И он двинулся к бедной девушке с таким видом, словно намеревался обыскать ее, чтобы вырвать билет Оле.
Этого Жоэль стерпеть не мог, тем более что он услышал возглас сестры:
— Братец!.. Братец!..
— Да уберетесь ли вы наконец! — закричал он.
И, поскольку Сандгоист не останавливался, Жоэль было кинулся на него, как вдруг Гульда сказала:
— Матушка, вот билет!
И пока фру Хансен, проворно схватив его, обменивала на расписку Сандгоиста, Гульда в полуобмороке упала в кресло.
— Гульда, Гульда! — воскликнул Жоэль. — Опомнись! Ах, сестра, что ты наделала!
— Что она наделала? — отозвалась фру Хансен. — Не упрекай ее, Жоэль! Это я во всем виновата! Да, я одна! Я хотела умножить деньги вашего отца в ваших интересах, а вместо этого разорила вас, навлекла нищету на этот дом… Но Гульда спасла всю семью… Вот что она сделала… Благодарю тебя, Гульда… благодарю!
Сандгоист все еще стоял рядом. Жоэль оглянулся на него.
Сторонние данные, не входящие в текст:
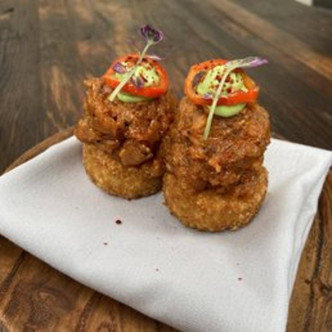 A captivating fusion dish, the Spicy Tuna Arancini presents golden-fried, crispy rice balls with an exciting twist. Each arancino boasts a delightful crunch on the exterior, giving way to a creamy, savory risotto interior generously infused with bold and zesty spicy tuna, creating an unforgettable explosion of flavor and texture.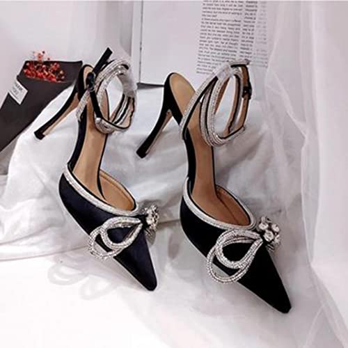 Vertundy Women's Lace up High Heeled Sandals Ankle Buckle Strap Rhinestone Bowknot Stilettos Satin Pointy Pumps (Black,US size8)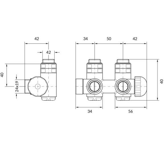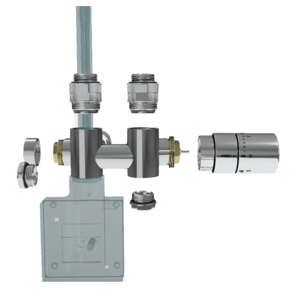 Terma Thermostatisches Eck-Mittelset für einen kombinierten Anschluss – rechts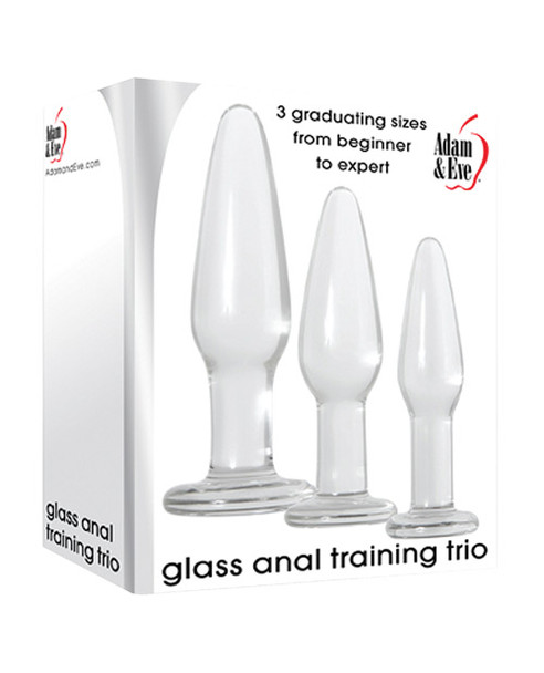 Adam and Eve Glass Anal Training Trio from Evolved Novelties. Perfect for backdoor training and retraining! For those new to anal play or experienced pros graduating glass plugs make it easy! Work pelvic floor muscles for better control, strength and endurance during sex. Start small, move to medium, then take on large with sensual ease! Warm or chill plugs for even more thrills. Non-allergic, non-porous, hygienically superior. Use with any of your favorite lubes, easy to clean. Material: Made from durable, tempered Borosilicate glass. Features: 3 different sized anal plugs. Small butt plug size 4.55 inches by 1.15 inches, medium butt plug size 5 inches by 1.35 inches, large butt plug 5.75 inches by 1.5 inches. 5 year warranty

— Вы еще здесь?! — вскричал он.
Подбежав к ростовщику, он схватил его, приподнял и, не обращая внимания на вопли и сопротивление, вышвырнул прочь, за дверь.
Вечером следующего дня Сильвиус Хог вернулся в Дааль. Он ни словом не обмолвился о своей поездке в Берген, и никто так и не узнал, что он побывал там. Пока розыски не дадут каких-нибудь результатов, профессор не хотел сообщать о них семье Хансен. Он попросил адресовать все письма и депеши [98] из Бергена и Христиании ему лично, в гостиницу, где собирался следить за дальнейшим ходом событий. Надеялся ли он на благоприятный исход? Да, надеялся, но теперь приходилось признать, что это было лишь смутное предчувствие, и ничего более.
Едва переступив порог гостиницы, профессор заметил, что в его отсутствие случилось нечто серьезное. Поведение Гульды и Жоэля явно свидетельствовало о том, что между ними и их матерью произошло решительное объяснение. Какое же новое несчастье обрушилось на семью Хансен?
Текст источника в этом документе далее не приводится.